Emilia: Em 1999, como voluntária, trabalhei com muitos sandinistas, que organizavam a ajuda humanitária. Era uma situação triste, mas havia muita solidariedade. Conheci gente que lutou na revolução e depois na resistência [aos contrarrevolucionários financiados pelos Estados Unidos] e ainda tenho uma profunda admiração por esse povo e sua garra em defender seus ideais. Mas o clima hoje é completamente diferente. A Revolução Sandinista foi pervertida por Daniel Ortega e sua mulher. Existe um medo muito grande nas ruas. Os estudantes vivem escondidos dentro do próprio país – nas montanhas ou nas casas de pessoas, onde esperam não ser encontrados. Muitos estão fugindo para a vizinha Costa Rica.
Agência Brasil: Levantamento da Comissão Interamericana de Defesa dos Direitos Humanos (CIDH) mostra que dos 322 mortos em quatro meses de protestos, 23 são crianças e adolescentes e apenas 21 policiais. Muitos foram mortos com tiros na cabeça e no peito. Ainda assim, os estudantes planejam continuar manifestando?
Emilia: Está virando uma situação quase impossível. Estão perseguindo as pessoas. Eu decidi voltar a Nicarágua depois dos ataque em abril à paróquia Divina Misericórdia, que durou 15 horas. Naquela época, os paramilitares faziam ataques aleatórios contra estudantes e líderes comunitários. Atiravam contra casas, pessoas. Os opositores começaram a formar redes, com casas seguras, para se esconderem. Viraram foragidos dentro do próprio país.
Agência Brasil: Quais são as diferenças entre os anos de 1990 e agora?
Emilia: Agora estão em outra fase, de formalizar a perseguição. No final de julho, introduziram uma Lei Antiterrorista, que pune qualquer pessoa acusada de ajudar os opositores ao regime. É uma situação desesperadora porque essas crianças não têm para onde correr. Estão sendo perseguidas incansavelmente. A prova é o que aconteceu conosco. Não levávamos cartazes, nem nada que sugerisse que íamos a uma manifestação. E terminamos detidos, sem o devido processo. Eu fui expulsa sem receber jamais uma cópia da ordem de deportação. Me acusaram de envolvimento em assuntos internos do país e de conviver com delinquentes armados.
Agência Brasil: O que houve com o material que você conseguiu filmar?

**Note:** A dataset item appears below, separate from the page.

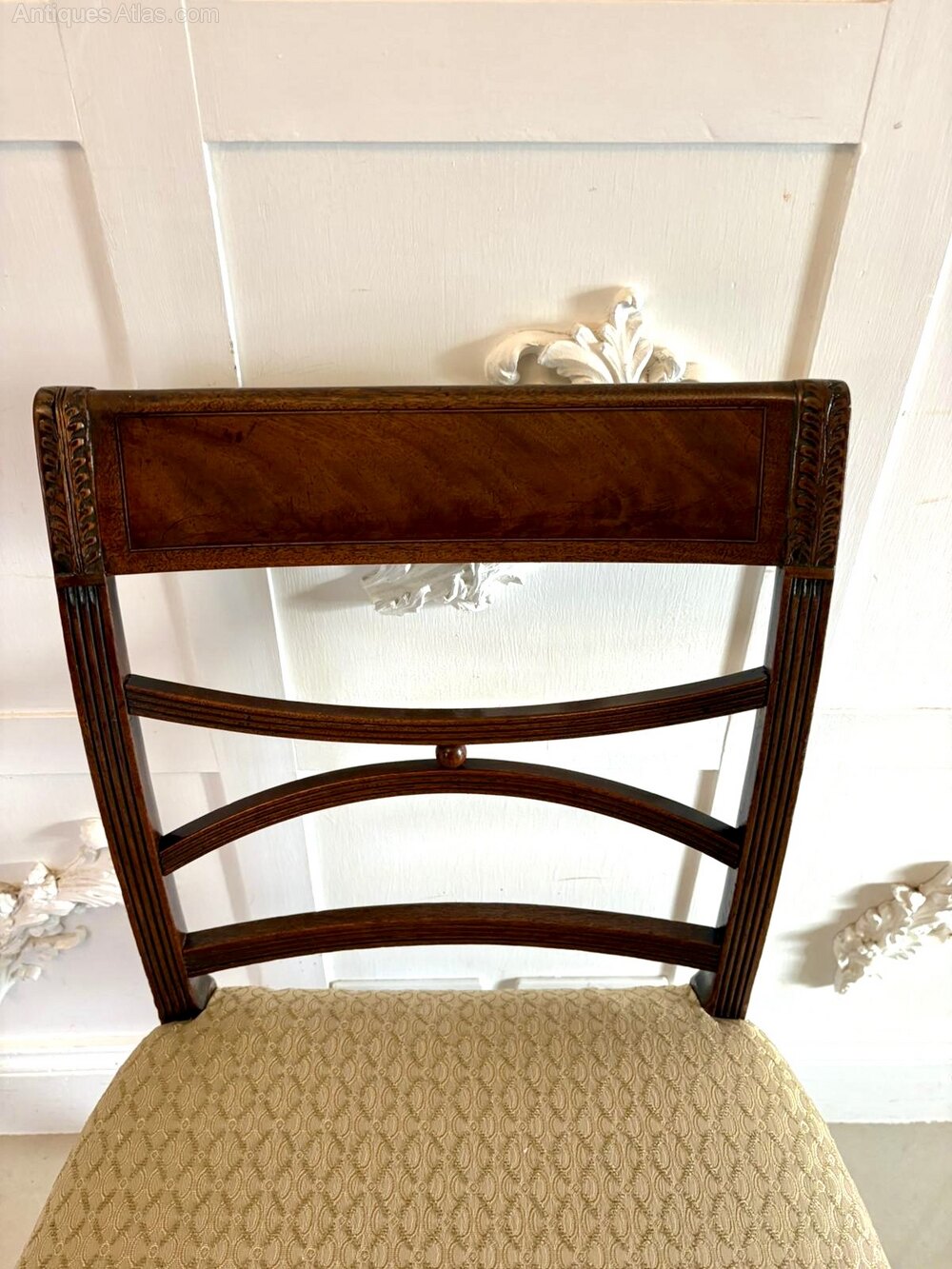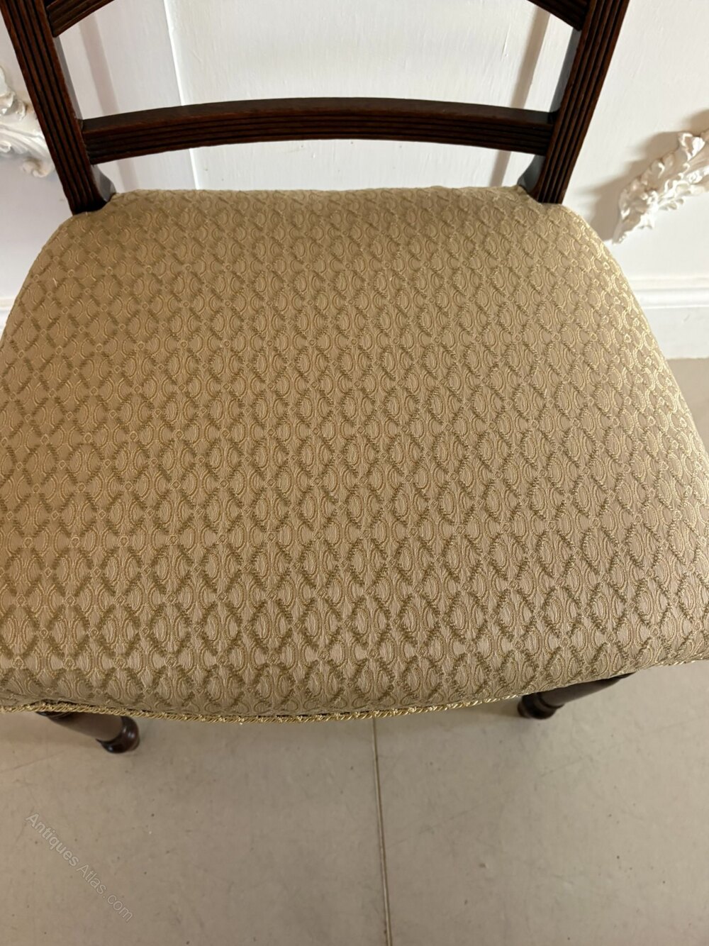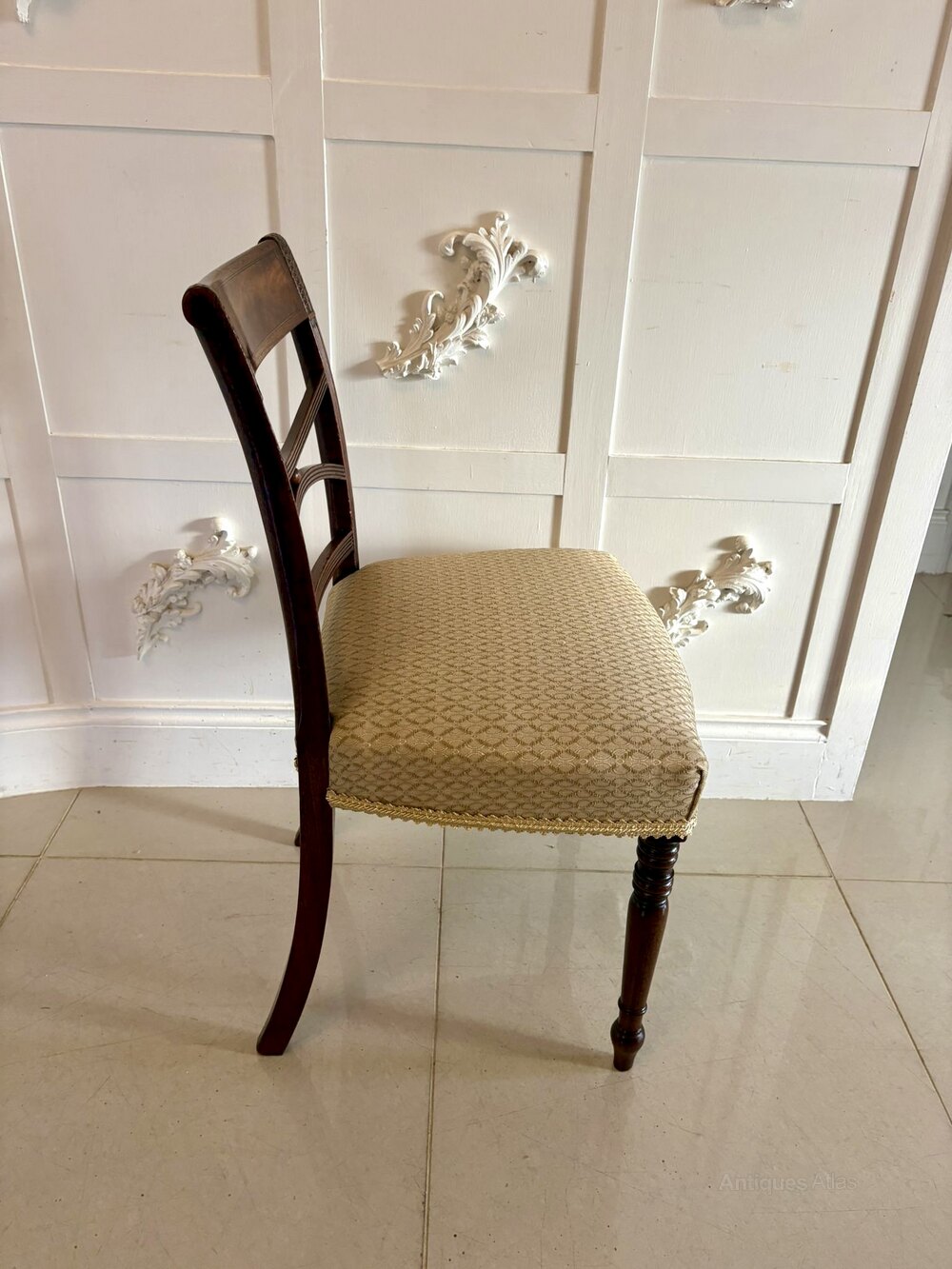The chairs are in excellent condition for their age, the mahogany frames standing sturdy with no looseness or movement. The reeded backs and turned legs remain crisp and well defined, showing only minor age-related surface marks consistent with genuine period use. The seats have been newly reupholstered, offering a clean and comfortable finish. Overall, a very well-preserved and ready-to-use set.

Emilia: Eles apagaram todas as imagens de um cartão [de câmera] que eu tinha. Estamos tentando recuperá-las. Roubaram as chaves do meu apartamento, onde deixei tudo – inclusive meu computador e passaporte brasileiro. Não quis voltar para buscar minhas coisas porque não queria colocar ninguém mais em risco. Saí do país com o meu passaporte norte-americano e minha canga de praia que me salvou a vida. Serviu de toalha, de cobertor, de almofada.
Agência Brasil: Você pretende voltar à Nicarágua?
Emila: Sim. Essa história precisa ser contada. Mas a preocupação agora é com a situação daqueles que ficaram lá. Ainda não consegui retomar contato com todos. Alguns continuam escondidos. É preciso tomar cuidado porque o governo está fazendo tudo o que pode para intimidar e evitar, justamente, que o mundo tome conhecimento do que se passa lá.